Does your marketing suffer from O.L. Syndrome?

The other day, a friend told me about a sign she'd seen posted in a lampshade store. It read: "Don't Bring Your Shade -- Bring Your Lamp!"

How frustrating for the salespeople to see customer after customer coming through the door, toting their dusty, broken, misshapen, faded lampshades -- all in search of something better. Yet without the lamp, a customer can't "try on" the hundreds of new lampshades lined up on the shelves, each auditioning to be "the one."

So to all of you chuckling out there, let me ask you this: how many of you send your "old lampshades" to your ad agency?

Anyone, anyone?

I can't count how many times Maternal Instinct receives requests like this:

"Here's last year's brochure. It's okay. We want to update it and maybe add a paragraph about our new service."

This is an old lampshade.

So is this:

"Here's some copy we wrote for our website. Can you just spend an hour and make it better?"

So is this:

"Here's our most recent Web promotion that isn't getting great response. Can you make it zippier?"

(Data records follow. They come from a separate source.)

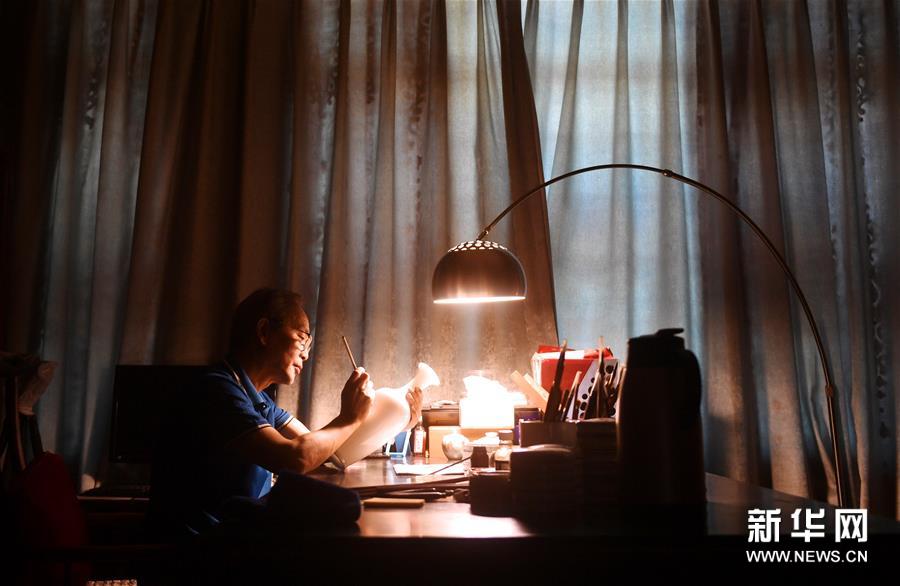 景德镇陶瓷艺人在工作室进行陶瓷绘画(8月1日摄)。 新华社记者 胡晨欢 摄
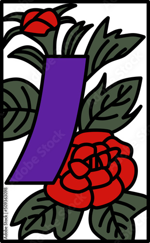 © nissat, Obraz premium シンプルな花札のカラーイラスト 水無月 牡丹 青短 6月 牡丹に青短
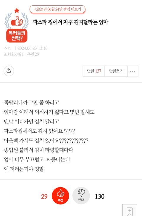 쓰니가 거절해도 엄마가 고집 부려서 외식 나간다고 대놓고 써져 있는 거 보니까 파스타도 쓰니 엄마가 정한 것 같은데 엄마 먹고 싶은 거 먹게 해드려 ㅇㅈㄹ 글도 안 읽나 애초에 양식집 가서 한식 굳이 굳이 찾는 거 보면 어떤 성격일지 뻔한데 이게 대체 왜 쓰니가 나쁜 거임? 결시친 아줌마들이 좌표 찍었나 쓰니 보고 못된 년이라는데 베플 개극혐 다짜고짜 년년 거리는 게 사이다인가봐
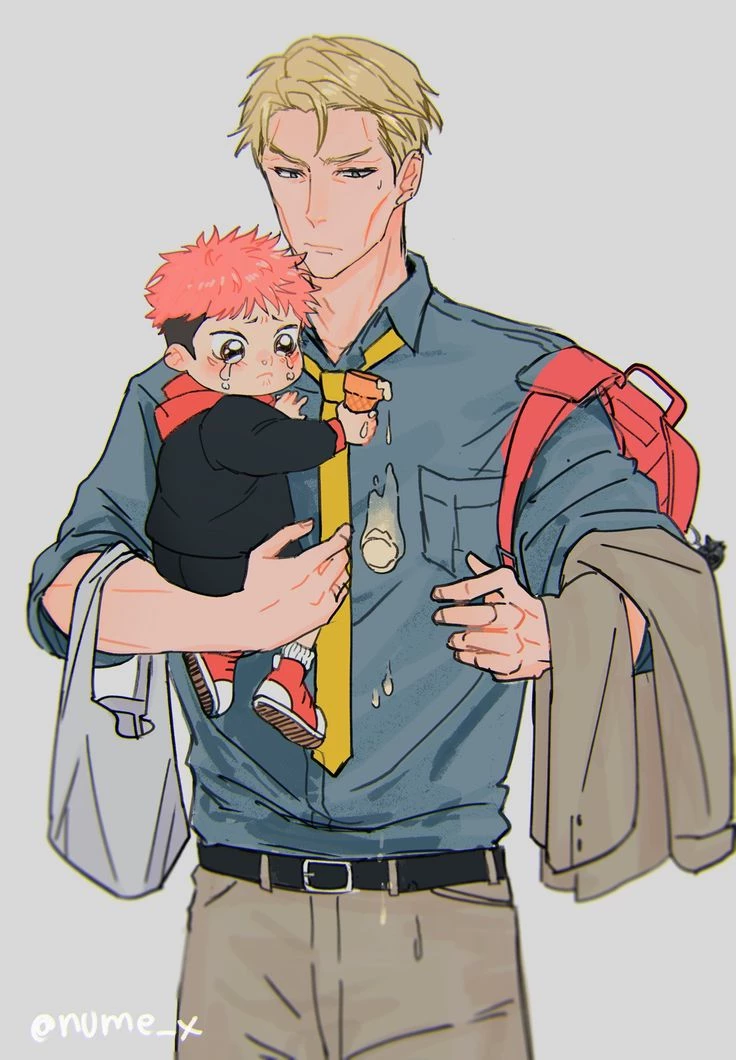 Nanami Kento and Yuji Itadori- her husband and their baby. — Your baby Yuji is crying because he fell on the playground and some kids laughed at him. His husband, Nanami, comforts him by repeating words of trust.\*

All of these requests are symptoms of O.L. (Old Lampshade) Syndrome.

The cure is simple.

Give your ad agency your lamp. Allow them full access to your products, services, testimonials, complaints, team members. Let them steep in your brand. Then allow them the freedom to create the light and heat you pay them for. The very best work comes when clients bring an agency a challenge and say "solve this."

Those are my favorite two words in the English language.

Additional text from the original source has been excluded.